Activists have confirmed that over 400 Catholic churches across the country helped to collect signatures in support of the bill among their members. If successful, it will also put an end to other LGBT+ events. 

The parliamentary debate on the bill on 29 October rapidly turned heated. Krzysztof Kasprzak, one of the initiators, compared the LGBT+ community to Nazis, and accused it of seeking “to overthrow the natural order and introduce terror.” 

Włodzimierz Czarzasty, a left-wing deputy speaker of parliament, called it the “most disgusting speech” he had heard in his time as a lawmaker.

The bill has been sent to Poland’s interior affairs commission, led by a member of the pro-LGBT+ Lewica alliance, Wiesław Szczepański, for further consideration.

A petition asking Szczepański to kill the bill has amassed almost 20,000 signatures at the time of writing.

“The ‘Stop LGBT’ bill is another vicious attack on the rights and lives of Polish LGBT+ people. As the chairman of the interior affairs commission you have the power to stop this bill and make sure it never comes into effect,” it reads.

“Please stand in solidarity with the Polish LGBT+ community and kill this bill.”

A homophobic backslide

Once, Eastern Europe was at the forefront of the fight for gay rights. In Poland, homosexuality was decriminalised 1932. The UK took another 35 years to reach a similar point, with the Sexual Offences Act of 1967 legalising consensual homosexual acts between over-21s.

But today, homophobic sentiment across Poland is on the rise, with swathes of the country declaring themselves “LGBT-free zones”.

The “propaganda” bill comes rapidly after the institution of anti-LGBT+ legislation in nearby Hungary. Far-right prime minister Viktor Orbàn passed a similar law in July, banning content that “promotes” LGBT+ issues from being shared with children, effectively prohibiting any discussion of LGBT+ themes in schools.

Agnieszka Kościańska, a visiting professor of anthropology and ethnology at Oxford University, says that this backslide is not restricted to just LGBT+ rights.

“The movement that is attacking women’s rights, LGBTI rights, sexual and reproductive rights … they have become a lot more present, resourced and active across Europe,” she told CNN.

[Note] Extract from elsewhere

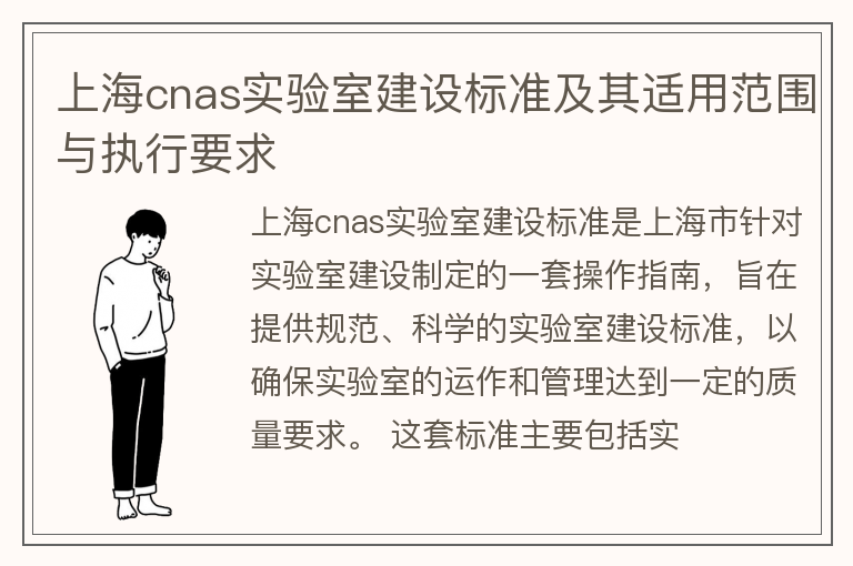 上海cnas实验室建设标准是上海市针对实验室建设制定的一套操作指南,旨在提供规范、科学的实验室建设标准,以确保实验室的运作和管理达到一定的质量要求。 这套标准主要包括实......【点击详情】

In both Hungary and Poland, these laws are being presented as a point of national pride, with progressive values viewed as an attack on their respective identities. Kościańska puts the movement towards conservative values down to the region’s complex history.

The rainbow wall

Research carried out by the Pew Research Centre demonstrates a clear divide in views between countries in western and eastern Europe. Those that lay behind the “Iron Curtain” now largely demonstrate more homophobic sentiment. This division has been coined ‘the rainbow wall’.

For example, data looking at a group of former members of the eastern bloc demonstrates an average anti-LGBT+ sentiment of 44 per cent. In western Europe, this same figure is just 11 per cent.

For human rights campaigners, opposing anti-LGBT+ sentiment is an uphill battle. Amnesty International has claimed that “signing the citizens’ initiative into law would put the rights of LGBTI people in Poland at greater risk than ever”.

“Pride is an important moment for LGBTI people and their allies to celebrate their love.  It is also a protest against exactly the kind of discrimination that the Polish authorities are gradually writing into the law,” said Nils Muižnieks, Amnesty international’s regional director for Europe,.

“This proposal, which is part of a wider crackdown on LGBTI rights, has no place in any parliament. We call on Polish MPs to recognise that love is love, and reject this hateful proposal which is discriminatory to its core.”